There’s an interesting phenomenon that I’d like to discuss with you today:
It’s called Devastation.
In my world (the DARK World…as I define the DARK World – a place where you call it as you see it), Devastation is something that’s truly heartbreaking. For example, the recent tragedy in Tuscon, AZ was devastating. What crushed ME the most was the loss of that 9 year old little girl – Christina Green. As a father of two girls (one who is 9), I can’t tell you how much that tragedy punched me in the chest. My heart goes out to all the families that were impacted by that tragedy, but especially to the family of Christina Green.
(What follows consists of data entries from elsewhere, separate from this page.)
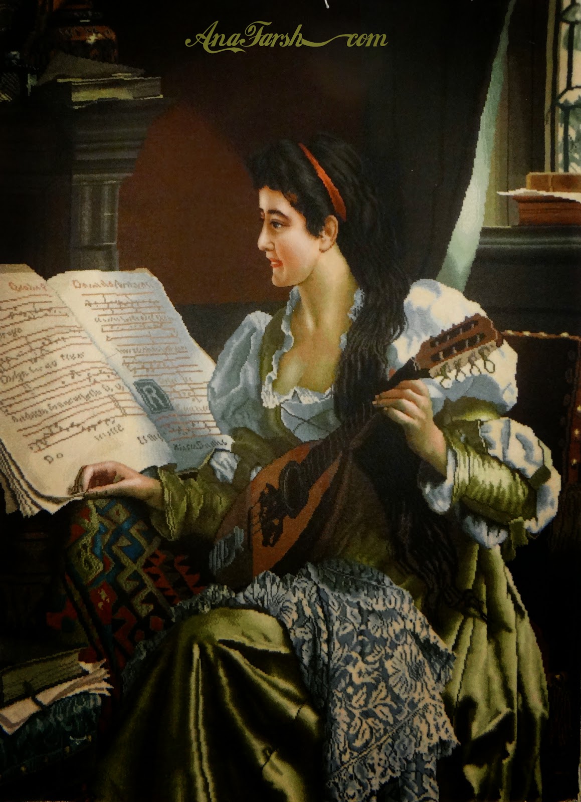 تابلوفرش دستباف دختر تار زن , ریز تقریبی: 50 رج , جنس پرز: کرک و ابریشم, جنس چله : ابریشم, ابعاد (بدون قاب): 60*80 سانتی متر , محل بافت: تبریز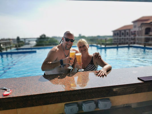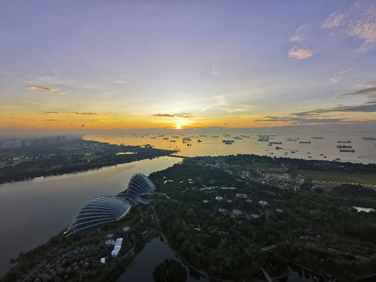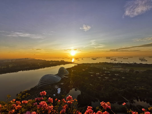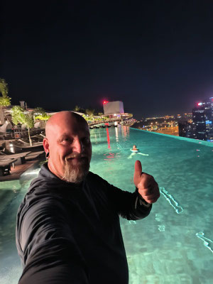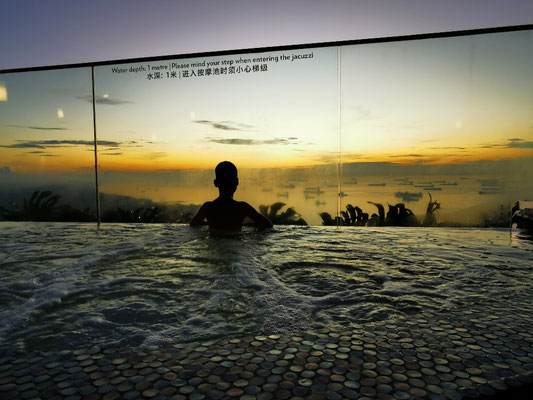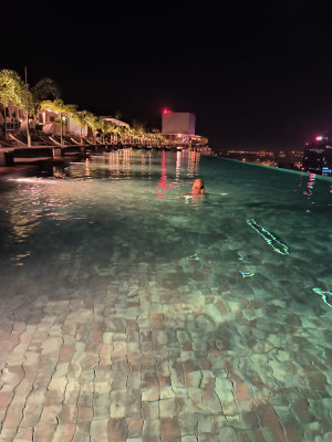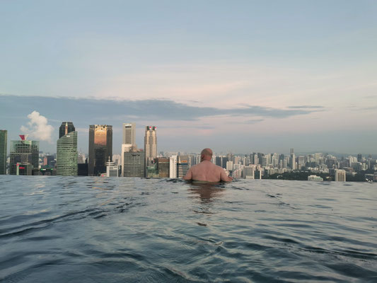 Heute früh hieß es früh aufstehen und dann ab zum Pool. Wir waren am Anfang tatsächlich ganz allein in diesem wirklich riesigen Pool. Hier sind wir entspannt ein paar Bahnen geschwommen und haben dabei die erwachende Stadt beobachtet. Anschlie6sind wir in den Whirlpool um die über dem Hafen aufgehende Sonne zu genießen. Einfach nur schön. Leider war dann die schöne Zeit im Marina Bay Sands schon vorbei. Aber für uns hat es sich gelohnt und wir haben alles richtig gemacht. Wie sagt man so schön: "Meistens bereut man die Dinge, die man nicht gemacht hat."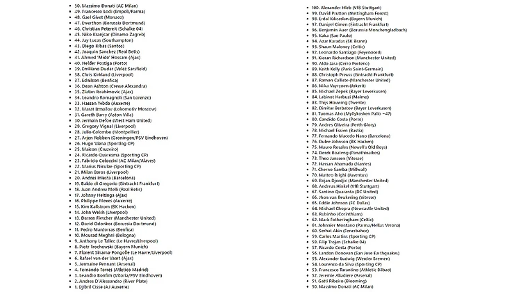 Жереми Алиадьер из «Арсенала» − 52-й, а будущая легенда сборной США Лэндон Донован на четыре места ниже. Культовые игроки АПЛ Нико Кранчар и Мидо не вошли в число 40 лучших − 41 и 45 места.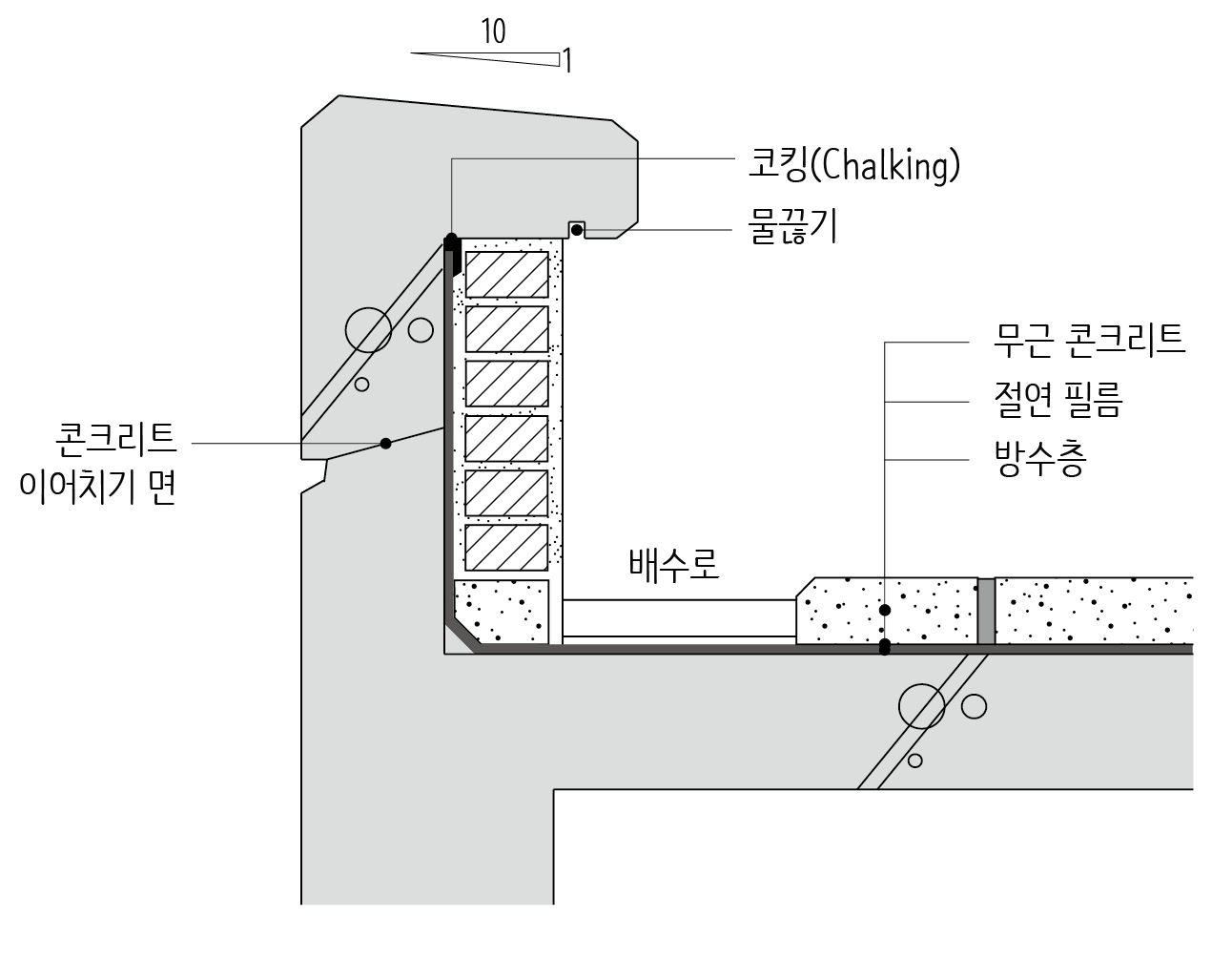 신축줄눈은 보호콘크리트를 일정한 크기로 나누기 위해 설치하는 것입니다. 옥상은 기온차가 크게 발생하기 때문에 보호콘크리트를 적절하게 나누지 않으면 균열이 발생하게 됩니다. 신축줄눈은 도면에 보고 전체의 연장길이[m]를 산출합니다.

You cannot prepare for something like the Tuscon tragedy. Bad things happen as a result of people who have self-imposed, circumstantial, and of course, mental problems. You never know when someone’s ticking time bomb will explode.
There are many tragedies that occur that could be described as being Devastating, but expected and/or anticipated events ARE NOT on the list. And NO, it’s not relative to each individual.
At lunch last week, I heard a woman talking with her friends about the passing of her mother. She was talking so f__king loud that the entire restaurant could hear her. Her mom was 86 and died of cancer. The daughter (the woman who was having lunch) basically was telling her friends how “devastated” she was, and how the passing of her mom basically stopped her life for nearly two years.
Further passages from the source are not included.